The development of RHPT is influenced by complex interactions of ionized calcium, phosphorus, vitamin D metabolites, parathyroid hormone (PTH), and fibroblast growth factor‐23 (FGF‐23). There is limited data regarding vitamin D status in dogs with CKD. Both 25‐hydroxyvitamin D [25(OH)D] and 1,25‐dihydroxyvitamin D [1,25(OH)2D; calcitriol] concentrations have been shown to be lower in dogs with CKD as compared to healthy dogs,4, 5, 6 but only 1 study correlated these with IRIS stage. In that study, calcitriol concentrations were inversely associated with IRIS stage and PTH concentrations.4 To our knowledge, no study has correlated 25(OH)D to IRIS stage, and no information on 24,25‐dihydroxyvitamin D [24,25(OH)2D] concentrations is available in dogs with clinical kidney disease.

Fibroblast growth factor‐23 is secreted by osteocytes in response to net phosphate balance (i.e, dietary load, serum concentration), 1,25(OH)2D, and PTH.7, 8 It promotes renal phosphorus excretion (i.e, acts as a phosphatonin) by suppressing 1α‐hydroxylase activity (therefore decreasing 1,25(OH)2D synthesis) and renal sodium‐phosphorus co‐transporters.7, 9, 10, 11 By increasing 24‐hydroxylase activity, calcitriol concentrations are further decreased.11 Fibroblast growth factor‐23 directly decreases PTH secretion in early stages of CKD, but in more advanced stages of CKD, FGF‐23 leads to decreased 1,25(OH)2D concentration that indirectly promotes development of RHPT, because adequate amounts of 1,25(OH)2D are needed to inhibit PTH gene transcription.10 An additional mechanism for increased PTH is the development of FGF‐23 resistance in the parathyroid glands because expression of its co‐receptor klotho is decreased during CKD progression.12 Increased FGF‐23 is associated with progression of CKD, development of RHPT, and higher mortality rates in people.13, 14, 15

Both PTH and FGF‐23 can impact calcium and phosphorus concentrations. Both hormones tend to decrease circulating phosphorus whereas they have divergent effects on calcium. Whereas PTH tends to mobilize calcium, in part due to generation of calcitriol, FGF‐23 minimizes calcium mobilization due to decreased calcitriol production. Calcium and phosphorus concentrations have been shown to be variably affected in CKD dogs with total calcium × phosphorus product (CPP) associated with IRIS stage and mortality.4, 16, 17

Hypovitaminosis D and increased serum PTH and FGF‐23 concentrations are associated with CKD progression, development of RHPT, and increased mortality in people with CKD.18, 19, 20 Despite the clear role of vitamin D dysregulation in humans with CKD, information on vitamin D metabolites in dogs with different stages of renal disease is lacking.
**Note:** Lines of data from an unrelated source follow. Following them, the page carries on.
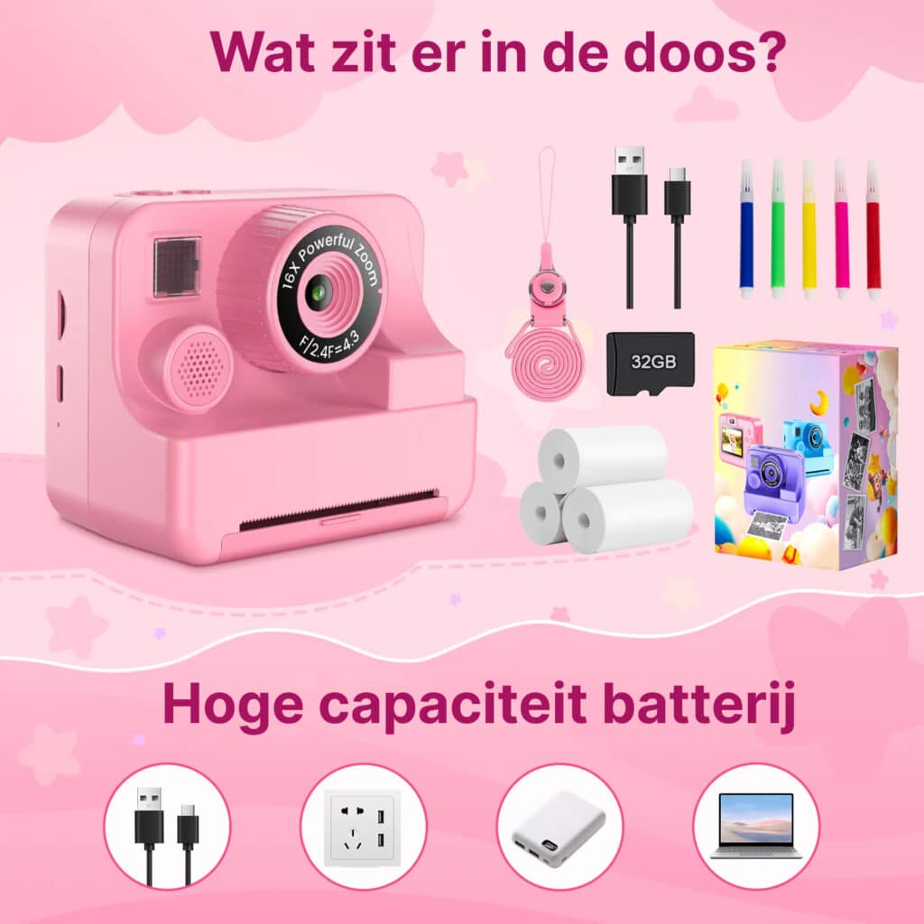 AMAZING! Na vier weken intensief gebruik is mijn dochter nog steeds enthousiast! De directe printfunctie houdt haar urenlang bezig en de fotokwaliteit is verrassend goed voor een kindercamera.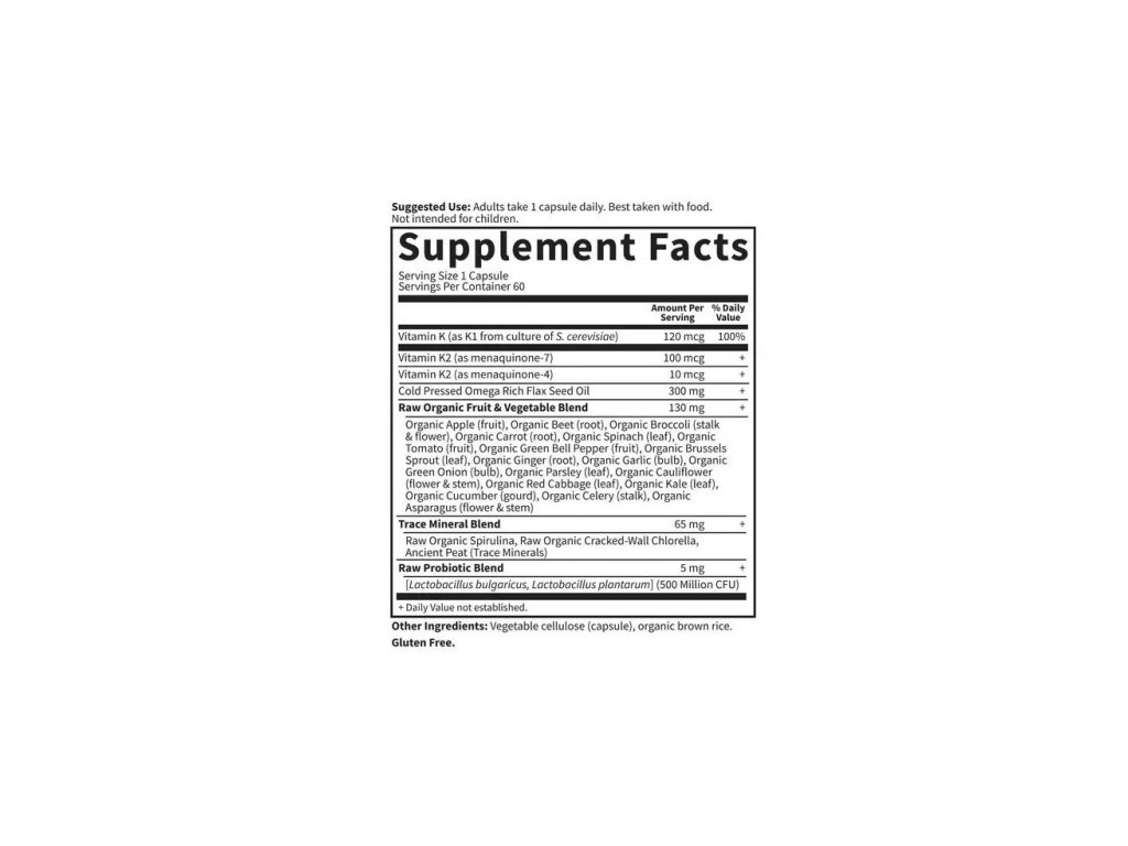Un complesso di tre forme di vitamina K con probiotici, verdure biologiche e ingredienti crudi per ossa, cuore e coagulazione del sangue sani. Integratore alimentare.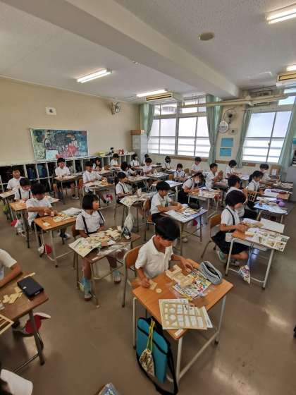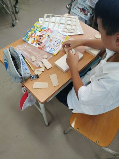 いろんな形の木片を組み合わせて思い思いの形を作っています。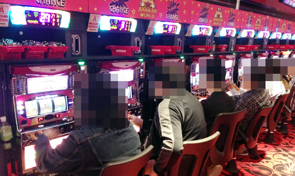 ジャグラーシリーズを中心としたボーナスタイプでも楽しそうな笑顔をみせるプレイヤーが多く、にぎやかな状況となっていた。
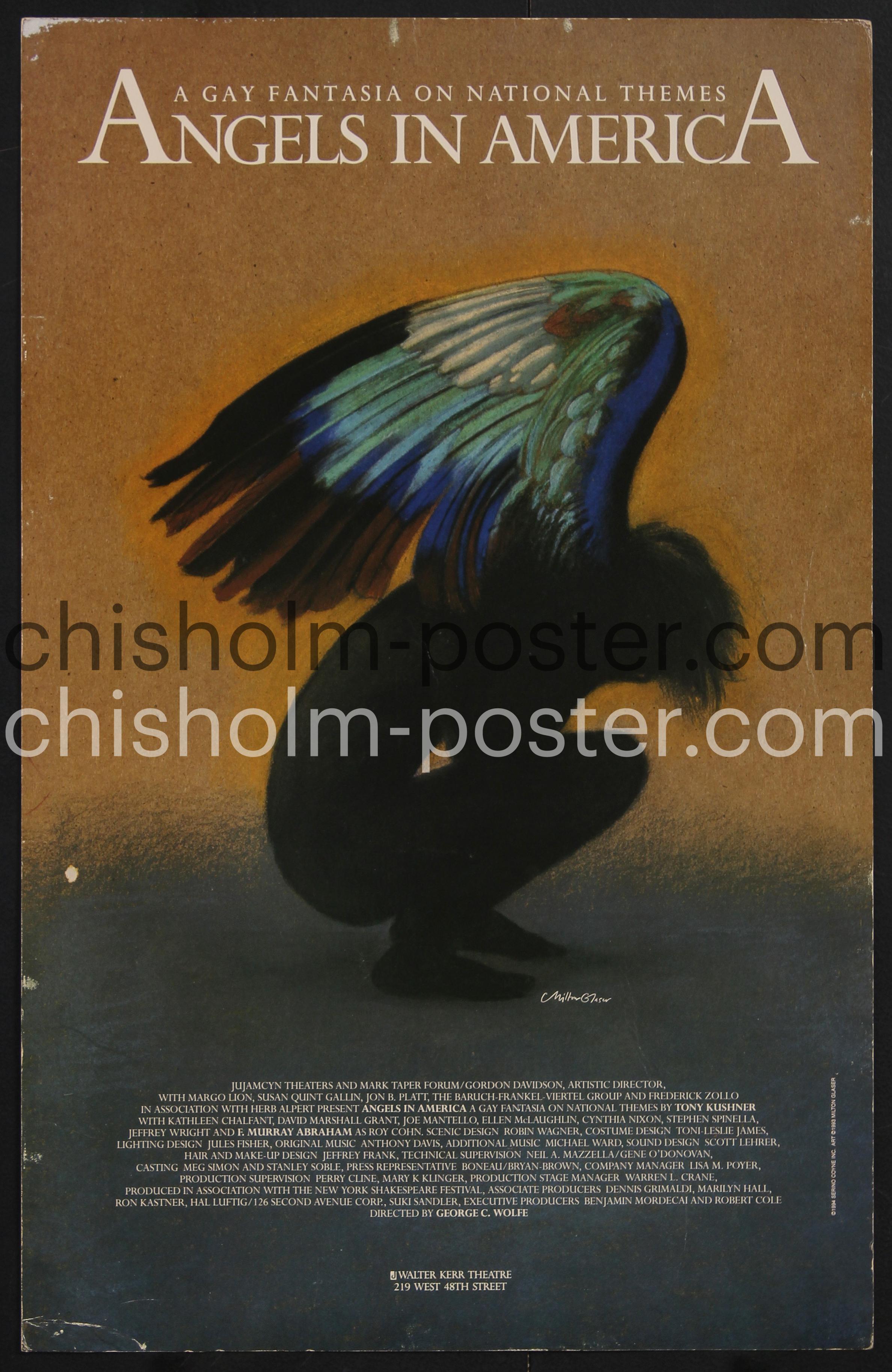 1993 Walter Kerr Theatre Broadway performance. Angels in America: A Gay Fantasia on National Themes is a two-part play by American playwright Tony Kushner. The work won numerous awards, including the Pulitzer Prize for Drama, the Tony Award for Best Play, and the Drama Desk Award for Outstanding Play. Part one of the play premiered in 1991, followed by part two in 1992. Its Broadway opening was in 1993. NOTE: Some creasing and edge-wear but overall good to very good.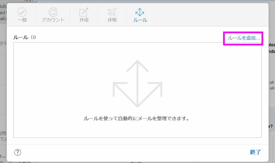 今回は迷惑メールに分けるルールを作成しましたが、特定のメールアドレスに転送する。とか、ゴミ箱に移動する。なんていうルールも作成できます。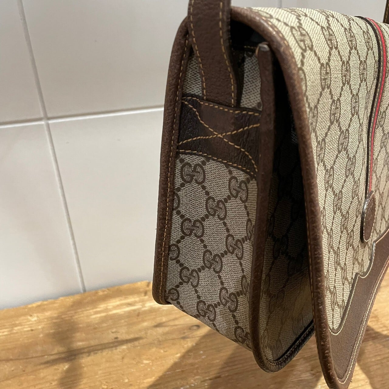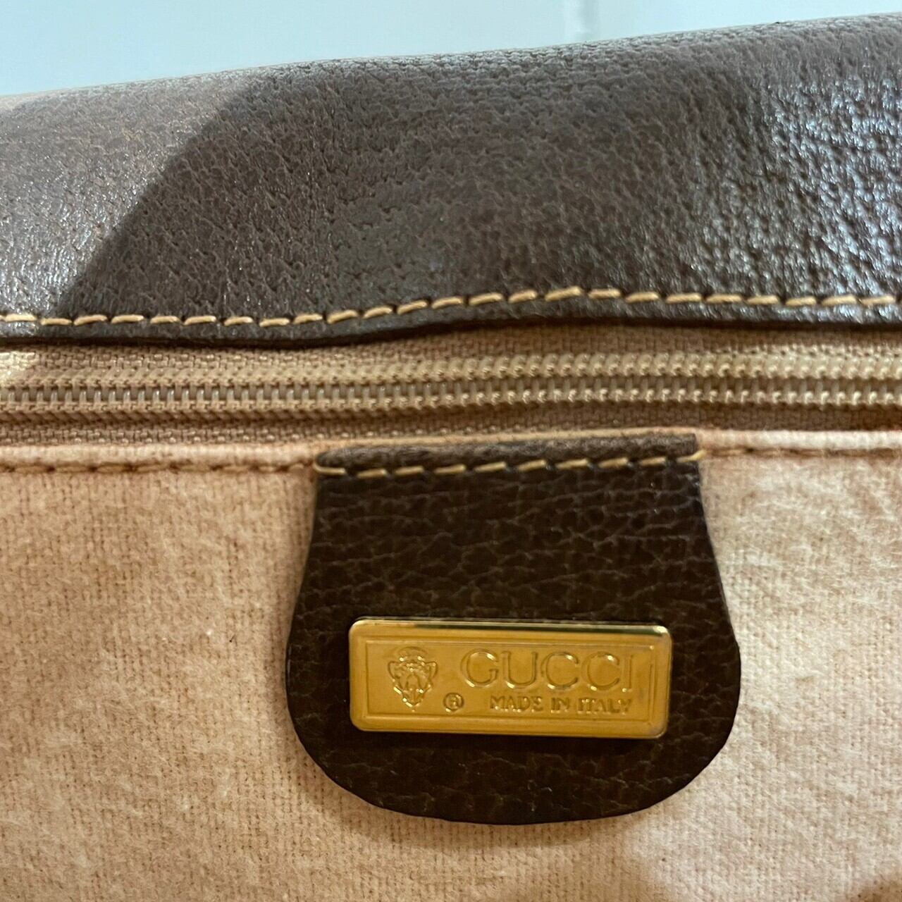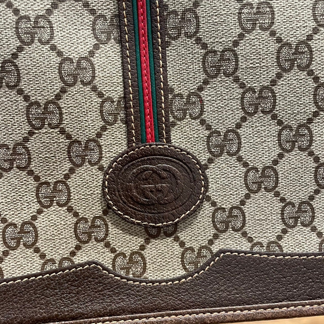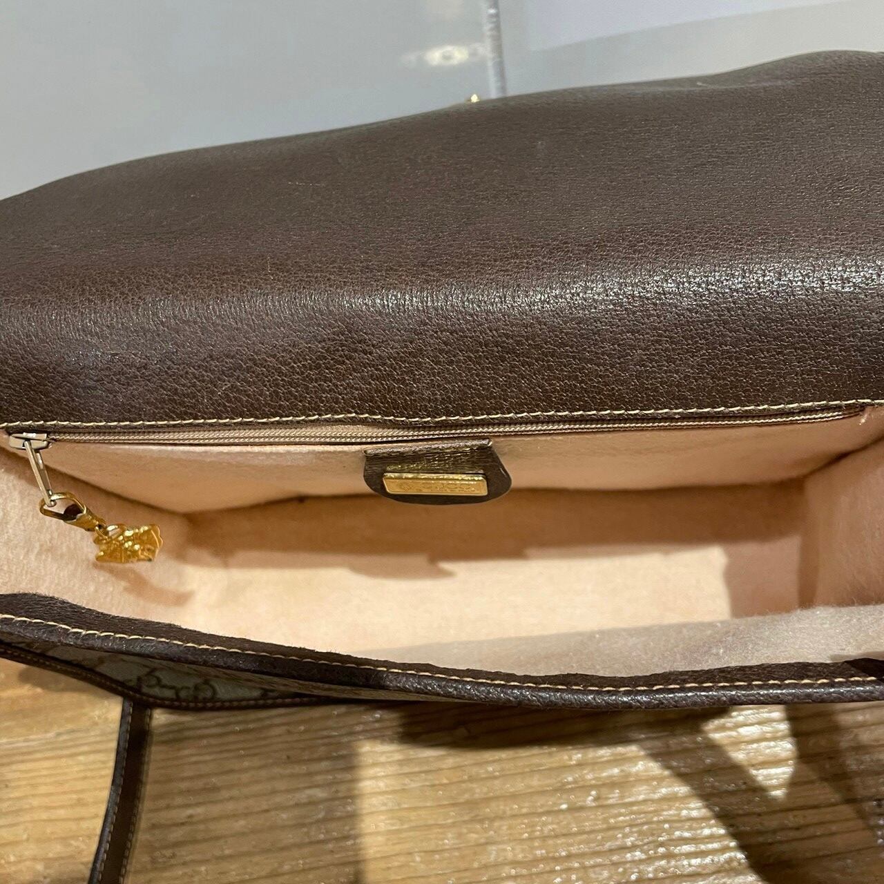 深めのブラウンのレザーとシェリーラインのアクセントが効いたオールドグッチならではのデザインです。
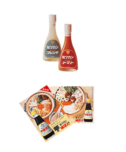 Quickly identifying changes in eating habits, Mizkan developed new products such as Ajipon™ (citrus seasoned soy sauce), dressings, Chinese seasonings, and Omusubiyama™ (furikake rice seasoning), and successfully launched them one after another. Matazaemon VII turned the Mizkan Group into the all-around food company it is today.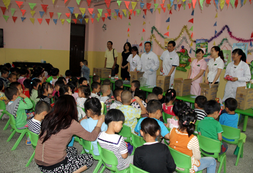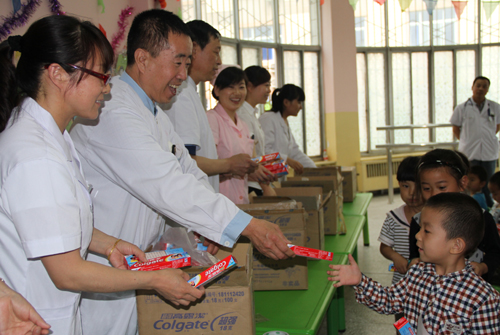 活动中,附属医院口腔科主任艾延安、副主任石新华,牙防中心主任李凤莲和正畸科主任杜凯延等医师,先后为幼儿园137名儿童检查了口腔情况,并通过挂图讲解的方式向小朋友们讲授了正确刷牙的方法以及预防口腔疾病的重要性。通过检查,医师们认为,附属幼儿园儿童整体口腔卫生状况良好。检查结束后,医务人员向幼儿园的儿童赠送了牙膏和牙刷,鼓励小朋友们爱护牙齿,从小养成良好的卫生习惯。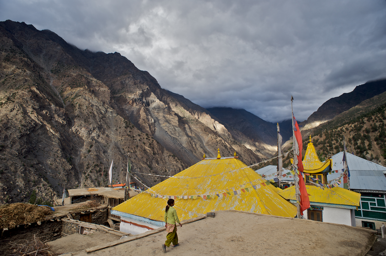 The setting in Nesang Village was spectacular. In the following image a young girl walks across a rooftop near one of the village monasteries.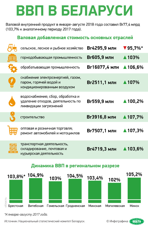 Валовой внутренний продукт в январе-августе 2018 года составил Br77,4 млрд (103,7% к аналогичному периоду 2017 года).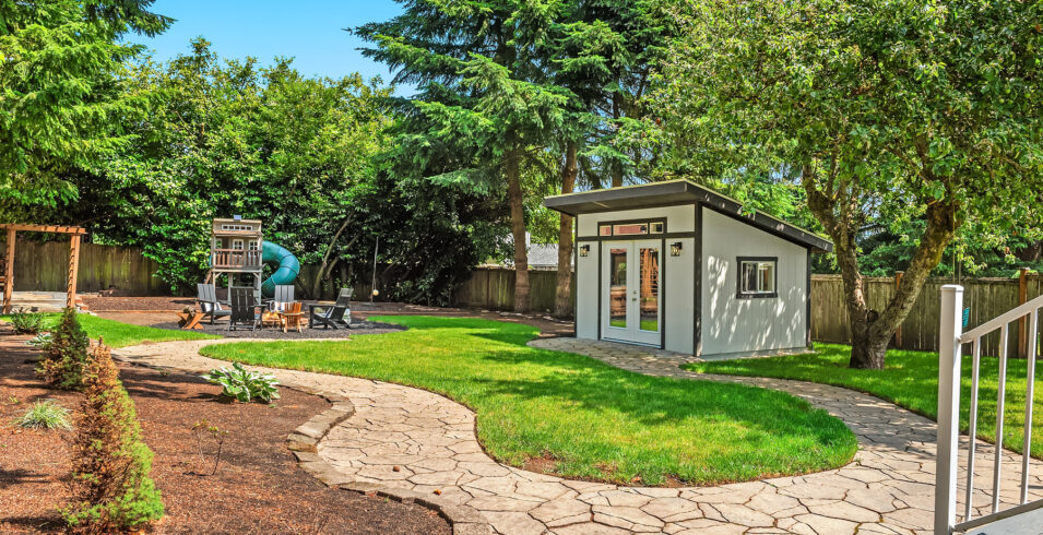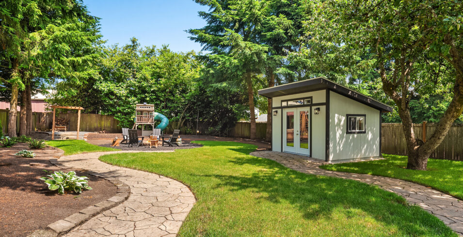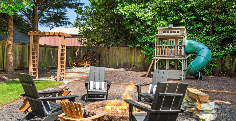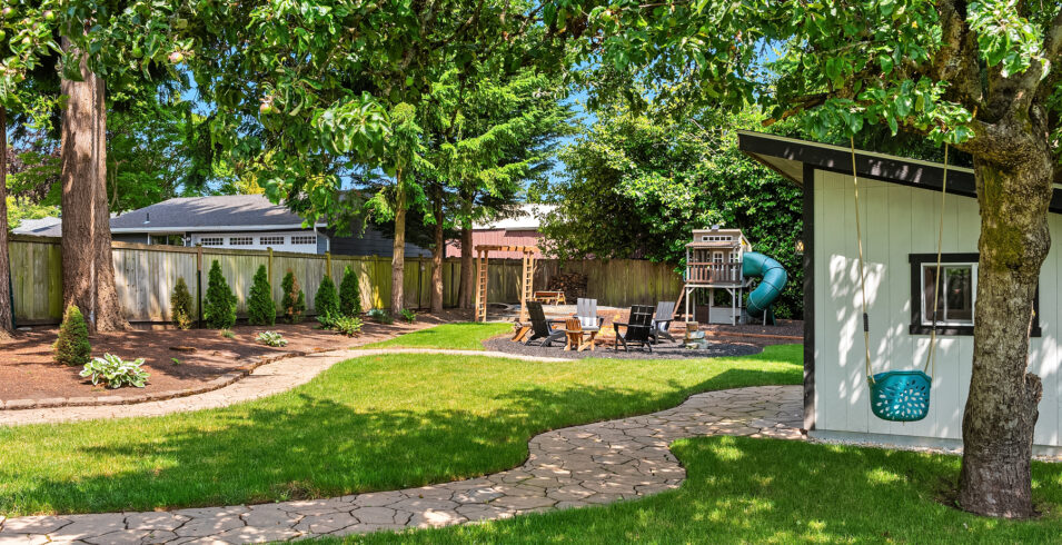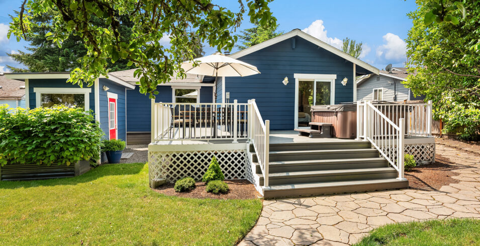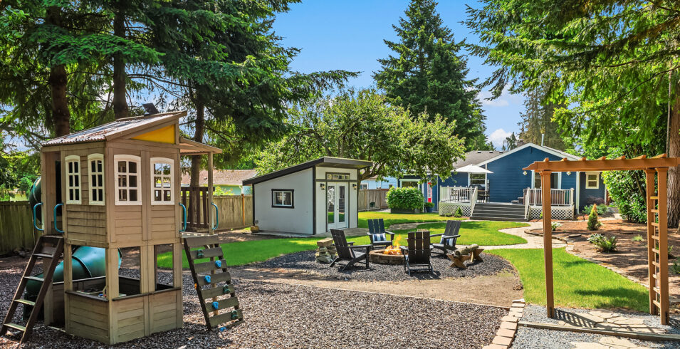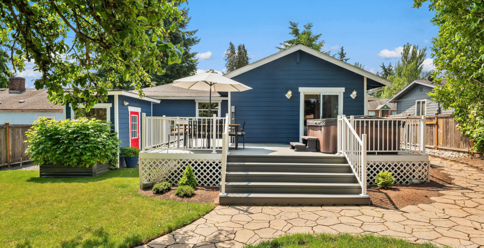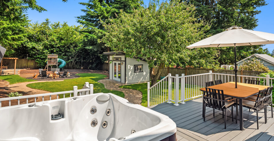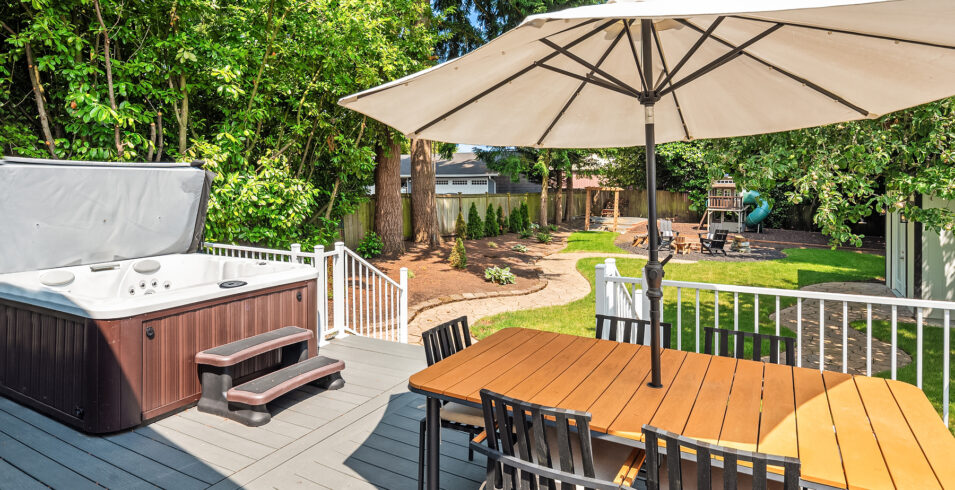 Rare 0.27 acre (11,761 sq ft) fully fenced lot with Cascade Mountain views, mature trees for privacy, play, and gardening. 400-sq-ft Trex entertainment deck plus hot tub is perfect for unwinding or your next gathering.

The primary goal of our study was to measure vitamin D metabolites, PTH, and FGF‐23 concentrations in dogs with CKD and to determine their association with IRIS stages of CKD. We hypothesize that: (1) dogs with CKD will have lower vitamin D metabolite and higher PTH and FGF‐23 concentrations than healthy dogs; and (2) these aberrations will be proportional to IRIS stage. A secondary goal of our study was to assess the relationship of calcium and phosphorus concentrations to IRIS stage. Lastly, we wanted to determine whether there was an association between vitamin D metabolites, specifically 25(OH)D, and dietary vitamin D (i.e, cholecalciferol) intake.

Materials & Methods

Case Selection Criteria

Client‐owned dogs diagnosed with CKD were prospectively recruited from the patient population referred to The Ohio State University Veterinary Medical Center (OSU‐VMC) between January 2014 and July 2015. A diagnosis of CKD was made based on the presence of at least 2 episodes, over at least 3 months, of minimally concentrated urine (urine specific gravity [USG] < 1.030) with or without azotemia in the absence of other diseases likely to cause polyuria or polydipsia. Additional factors used to determine eligibility included the presence of renal proteinuria, ultrasonographic changes consistent with CKD (e.g, loss of corticomedullary distinction) or both. Dogs were not consistently enrolled at the time of diagnosis, nor were all dogs enrolled in fasted states because of the manner in which dogs were presented to the teaching hospital. Based on serum creatinine concentrations, dogs were assigned to 1 of 4 CKD IRIS stages: <1.4 mg/dL—stage 1; 1.4–2.0 mg/dL—stage 2; 2.1–5.0 mg/dL—stage 3; and >5.0 mg/dL—stage 4, respectively.21

Dogs <1 year of age, those diagnosed primary hyperparathyroidism or primary hypoparathyroidism, protein‐losing enteropathy, or neoplasia were excluded. Dogs receiving corticosteroids and dogs diagnosed with acute kidney injury or suspected acute exacerbation of CKD were excluded.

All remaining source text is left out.